What you need to do:
Without any images, write the listing below out word for word.

"""

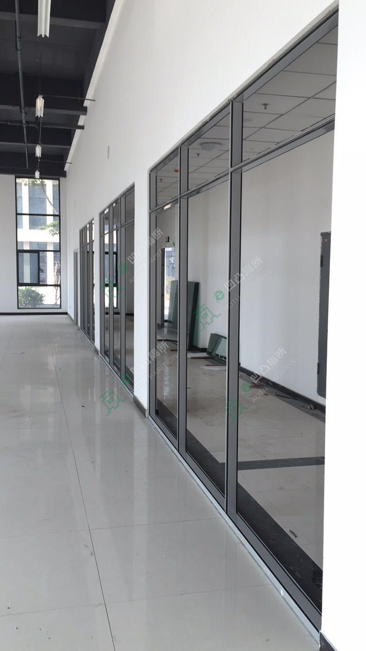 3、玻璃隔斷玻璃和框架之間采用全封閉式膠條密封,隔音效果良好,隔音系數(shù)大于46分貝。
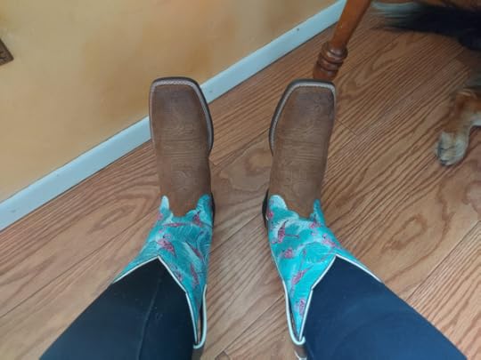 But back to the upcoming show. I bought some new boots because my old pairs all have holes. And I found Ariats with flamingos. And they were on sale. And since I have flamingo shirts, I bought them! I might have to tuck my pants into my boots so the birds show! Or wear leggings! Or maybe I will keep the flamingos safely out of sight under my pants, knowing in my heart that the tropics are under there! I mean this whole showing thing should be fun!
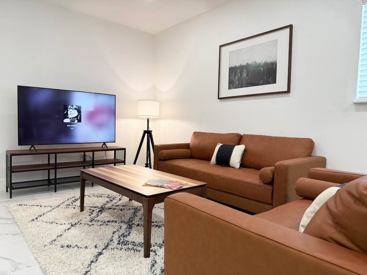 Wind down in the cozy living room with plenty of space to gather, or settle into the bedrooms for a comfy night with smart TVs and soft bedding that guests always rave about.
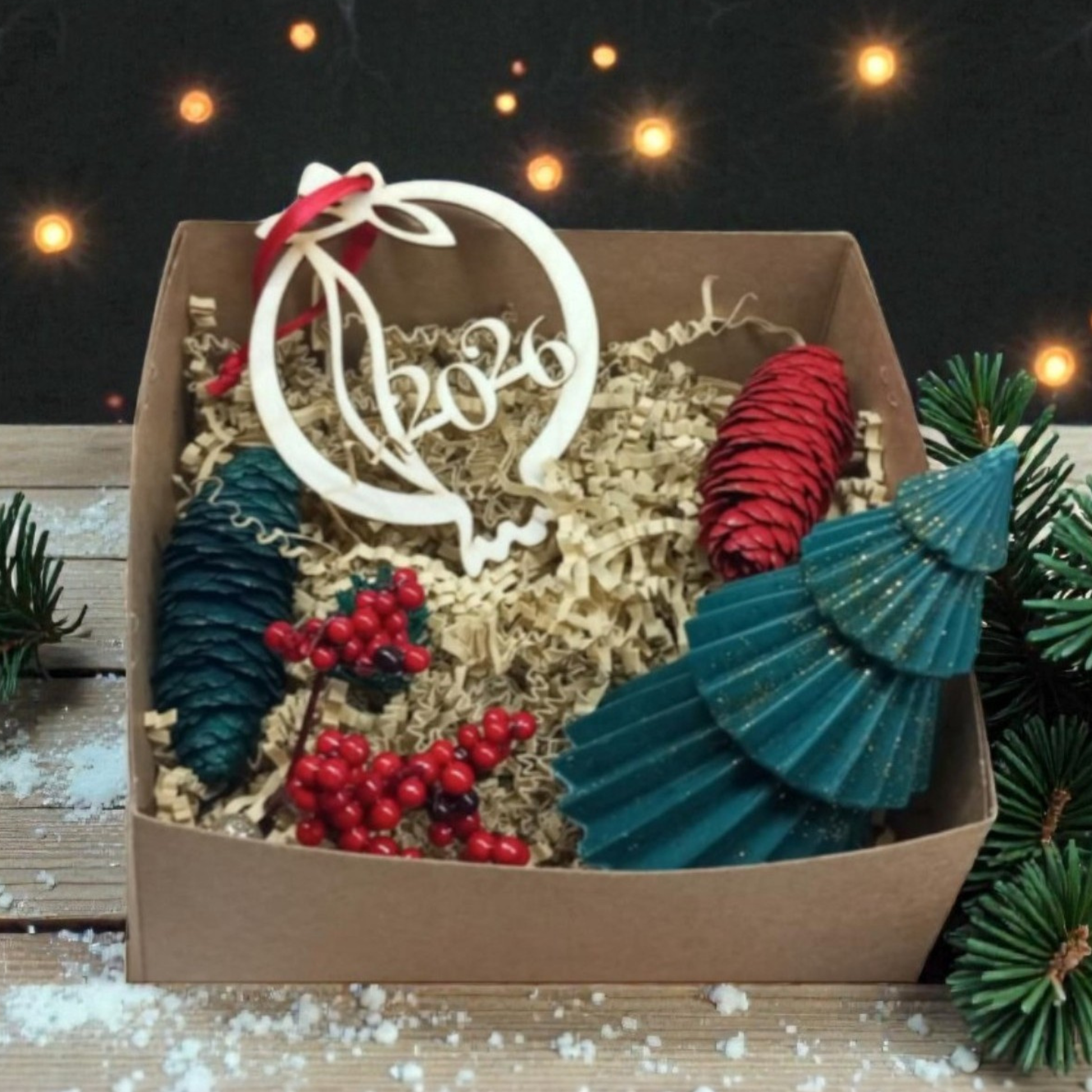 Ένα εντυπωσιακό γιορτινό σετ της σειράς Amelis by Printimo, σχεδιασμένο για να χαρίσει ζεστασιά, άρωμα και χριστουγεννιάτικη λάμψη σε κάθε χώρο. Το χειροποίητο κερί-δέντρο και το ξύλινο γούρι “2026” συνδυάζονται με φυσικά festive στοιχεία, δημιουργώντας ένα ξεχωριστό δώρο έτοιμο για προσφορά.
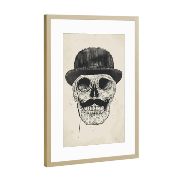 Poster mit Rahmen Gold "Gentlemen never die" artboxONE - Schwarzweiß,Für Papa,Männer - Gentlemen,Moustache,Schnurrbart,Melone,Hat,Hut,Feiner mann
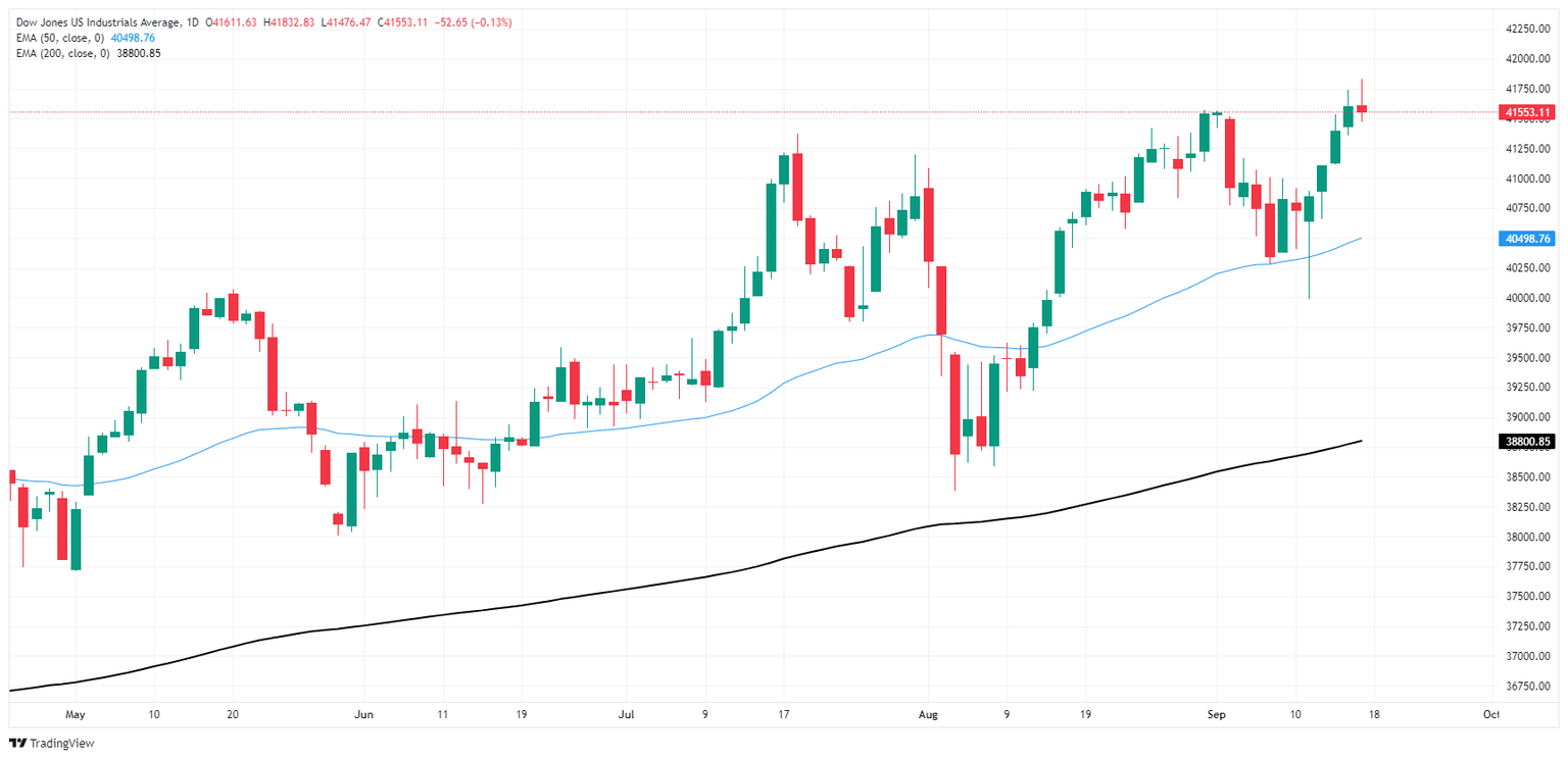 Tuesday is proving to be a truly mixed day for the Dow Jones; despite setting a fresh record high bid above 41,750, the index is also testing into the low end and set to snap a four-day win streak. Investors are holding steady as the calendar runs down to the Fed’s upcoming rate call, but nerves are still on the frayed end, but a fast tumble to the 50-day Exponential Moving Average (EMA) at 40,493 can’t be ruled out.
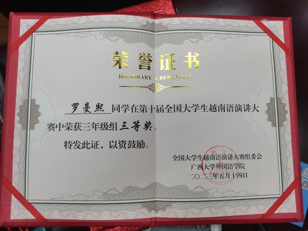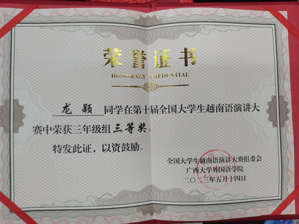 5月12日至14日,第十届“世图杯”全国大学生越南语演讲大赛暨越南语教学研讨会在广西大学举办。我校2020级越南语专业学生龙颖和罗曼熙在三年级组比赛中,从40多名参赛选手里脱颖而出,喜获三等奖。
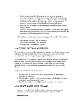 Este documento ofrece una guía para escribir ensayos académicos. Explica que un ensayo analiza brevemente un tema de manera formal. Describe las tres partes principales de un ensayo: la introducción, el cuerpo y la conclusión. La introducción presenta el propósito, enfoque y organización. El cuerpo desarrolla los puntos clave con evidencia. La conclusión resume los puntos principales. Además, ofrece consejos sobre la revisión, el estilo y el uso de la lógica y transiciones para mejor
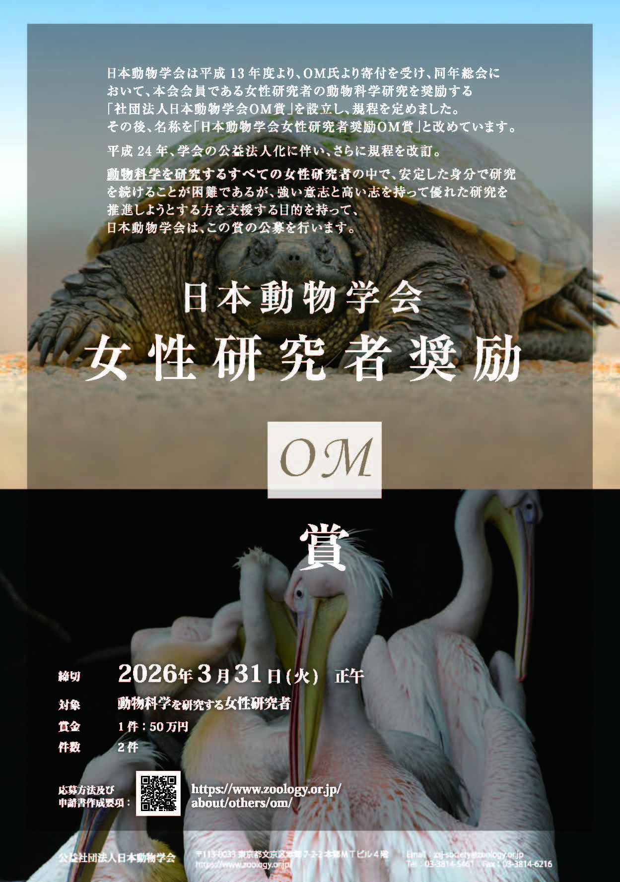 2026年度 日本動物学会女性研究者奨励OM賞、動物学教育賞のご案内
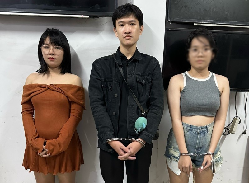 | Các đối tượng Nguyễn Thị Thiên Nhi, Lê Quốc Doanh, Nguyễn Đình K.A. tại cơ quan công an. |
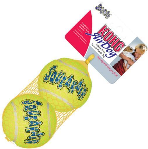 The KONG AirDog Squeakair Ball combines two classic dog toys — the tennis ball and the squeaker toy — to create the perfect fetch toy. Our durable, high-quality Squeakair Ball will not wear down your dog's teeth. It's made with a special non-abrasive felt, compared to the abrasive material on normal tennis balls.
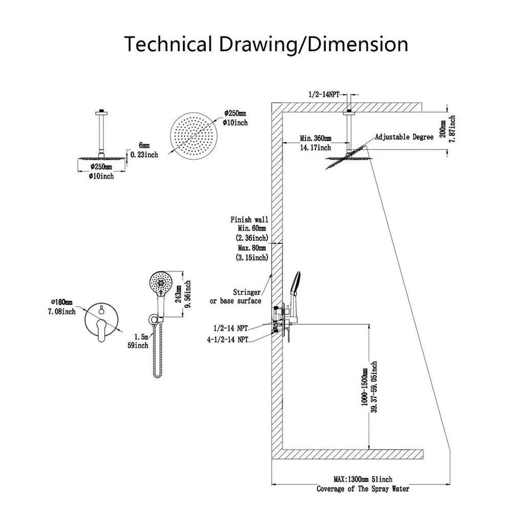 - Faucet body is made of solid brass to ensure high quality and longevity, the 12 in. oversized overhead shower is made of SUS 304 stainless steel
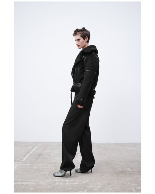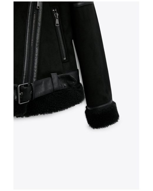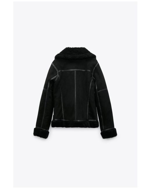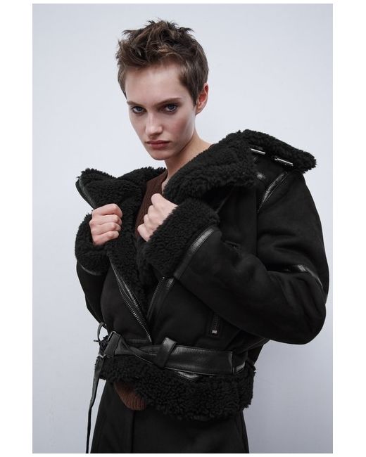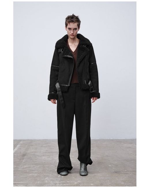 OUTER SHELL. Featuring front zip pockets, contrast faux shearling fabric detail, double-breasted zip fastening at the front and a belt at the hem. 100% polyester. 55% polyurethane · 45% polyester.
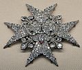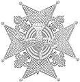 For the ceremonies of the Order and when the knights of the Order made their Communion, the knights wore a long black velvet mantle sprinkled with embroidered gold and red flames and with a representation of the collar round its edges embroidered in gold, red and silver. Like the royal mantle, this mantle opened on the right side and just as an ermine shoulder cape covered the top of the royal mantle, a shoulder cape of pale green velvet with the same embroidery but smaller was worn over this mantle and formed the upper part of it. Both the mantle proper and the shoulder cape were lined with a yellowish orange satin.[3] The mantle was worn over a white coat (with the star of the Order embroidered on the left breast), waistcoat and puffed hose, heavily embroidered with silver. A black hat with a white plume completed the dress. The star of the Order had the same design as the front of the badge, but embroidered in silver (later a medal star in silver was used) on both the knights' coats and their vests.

"""

Result of the exercise:
 3、玻璃隔斷玻璃和框架之間采用全封閉式膠條密封,隔音效果良好,隔音系數(shù)大于46分貝。
 But back to the upcoming show. I bought some new boots because my old pairs all have holes. And I found Ariats with flamingos. And they were on sale. And since I have flamingo shirts, I bought them! I might have to tuck my pants into my boots so the birds show! Or wear leggings! Or maybe I will keep the flamingos safely out of sight under my pants, knowing in my heart that the tropics are under there! I mean this whole showing thing should be fun!
 Wind down in the cozy living room with plenty of space to gather, or settle into the bedrooms for a comfy night with smart TVs and soft bedding that guests always rave about.
 Ένα εντυπωσιακό γιορτινό σετ της σειράς Amelis by Printimo, σχεδιασμένο για να χαρίσει ζεστασιά, άρωμα και χριστουγεννιάτικη λάμψη σε κάθε χώρο. Το χειροποίητο κερί-δέντρο και το ξύλινο γούρι “2026” συνδυάζονται με φυσικά festive στοιχεία, δημιουργώντας ένα ξεχωριστό δώρο έτοιμο για προσφορά.
 Poster mit Rahmen Gold "Gentlemen never die" artboxONE - Schwarzweiß,Für Papa,Männer - Gentlemen,Moustache,Schnurrbart,Melone,Hat,Hut,Feiner mann
 Tuesday is proving to be a truly mixed day for the Dow Jones; despite setting a fresh record high bid above 41,750, the index is also testing into the low end and set to snap a four-day win streak. Investors are holding steady as the calendar runs down to the Fed’s upcoming rate call, but nerves are still on the frayed end, but a fast tumble to the 50-day Exponential Moving Average (EMA) at 40,493 can’t be ruled out.
 5月12日至14日,第十届“世图杯”全国大学生越南语演讲大赛暨越南语教学研讨会在广西大学举办。我校2020级越南语专业学生龙颖和罗曼熙在三年级组比赛中,从40多名参赛选手里脱颖而出,喜获三等奖。
 Este documento ofrece una guía para escribir ensayos académicos. Explica que un ensayo analiza brevemente un tema de manera formal. Describe las tres partes principales de un ensayo: la introducción, el cuerpo y la conclusión. La introducción presenta el propósito, enfoque y organización. El cuerpo desarrolla los puntos clave con evidencia. La conclusión resume los puntos principales. Además, ofrece consejos sobre la revisión, el estilo y el uso de la lógica y transiciones para mejor
 2026年度 日本動物学会女性研究者奨励OM賞、動物学教育賞のご案内
 | Các đối tượng Nguyễn Thị Thiên Nhi, Lê Quốc Doanh, Nguyễn Đình K.A. tại cơ quan công an. |
 The KONG AirDog Squeakair Ball combines two classic dog toys — the tennis ball and the squeaker toy — to create the perfect fetch toy. Our durable, high-quality Squeakair Ball will not wear down your dog's teeth. It's made with a special non-abrasive felt, compared to the abrasive material on normal tennis balls.
 - Faucet body is made of solid brass to ensure high quality and longevity, the 12 in. oversized overhead shower is made of SUS 304 stainless steel
 OUTER SHELL. Featuring front zip pockets, contrast faux shearling fabric detail, double-breasted zip fastening at the front and a belt at the hem. 100% polyester. 55% polyurethane · 45% polyester.
 For the ceremonies of the Order and when the knights of the Order made their Communion, the knights wore a long black velvet mantle sprinkled with embroidered gold and red flames and with a representation of the collar round its edges embroidered in gold, red and silver. Like the royal mantle, this mantle opened on the right side and just as an ermine shoulder cape covered the top of the royal mantle, a shoulder cape of pale green velvet with the same embroidery but smaller was worn over this mantle and formed the upper part of it. Both the mantle proper and the shoulder cape were lined with a yellowish orange satin.[3] The mantle was worn over a white coat (with the star of the Order embroidered on the left breast), waistcoat and puffed hose, heavily embroidered with silver. A black hat with a white plume completed the dress. The star of the Order had the same design as the front of the badge, but embroidered in silver (later a medal star in silver was used) on both the knights' coats and their vests.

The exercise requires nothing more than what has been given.